*Task brief*. Below are some entries; reproduce them exactly and leave every picture out.

#### Information

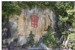
Giant Modern Pictograph at Petley Point
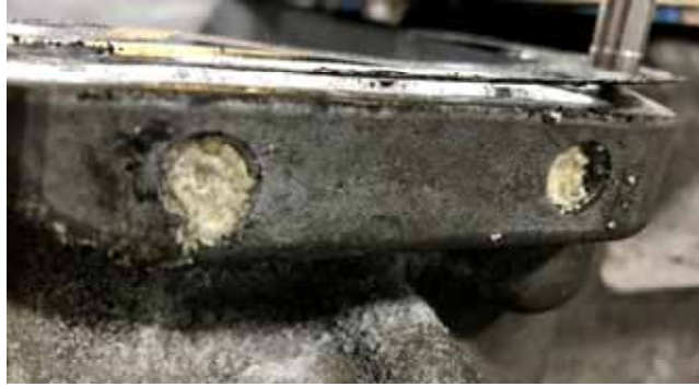
Clogged vent ports
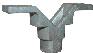
V-Head Pipe Support
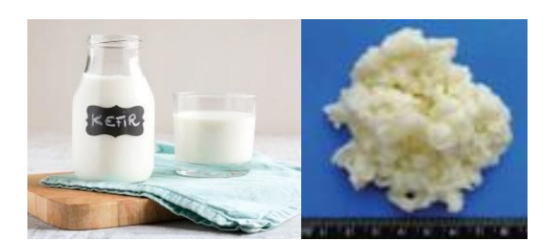
Figure 1: Kefir produced from milk (left) and kefir grain (right).

The diverse microbial community of kefir includes lactic acid bacteria like Lactobacillus species (e.g., Lactobacillus kefiranofaciens ) and Streptococcus species, as well as various yeasts such as Saccharomyces cerevisiae and Kluyveromyces marxianus (Garofalo et al., 2015). Working collaboratively, these microorganisms break down lactose and other milk constituents, producing lactic acid, acetic acid, ethanol, carbon dioxide, and various volatile chemicals that contribute to kefir's distinctive flavor and aroma while maintaining its original color (Figure 1) (Zamberi et al., 2016).
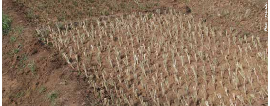
Planting cuttings can be propagated in nurseries and then transferred to the field when the rains come.

Stolons (long stems): Grasses like Brachiaria brizantha have stolons (long stems). While looking for planting material for

########

*Written response*.
Giant Modern Pictograph at Petley Point
Clogged vent ports
V-Head Pipe Support
Figure 1: Kefir produced from milk (left) and kefir grain (right).

The diverse microbial community of kefir includes lactic acid bacteria like Lactobacillus species (e.g., Lactobacillus kefiranofaciens ) and Streptococcus species, as well as various yeasts such as Saccharomyces cerevisiae and Kluyveromyces marxianus (Garofalo et al., 2015). Working collaboratively, these microorganisms break down lactose and other milk constituents, producing lactic acid, acetic acid, ethanol, carbon dioxide, and various volatile chemicals that contribute to kefir's distinctive flavor and aroma while maintaining its original color (Figure 1) (Zamberi et al., 2016).
Planting cuttings can be propagated in nurseries and then transferred to the field when the rains come.

Stolons (long stems): Grasses like Brachiaria brizantha have stolons (long stems). While looking for planting material for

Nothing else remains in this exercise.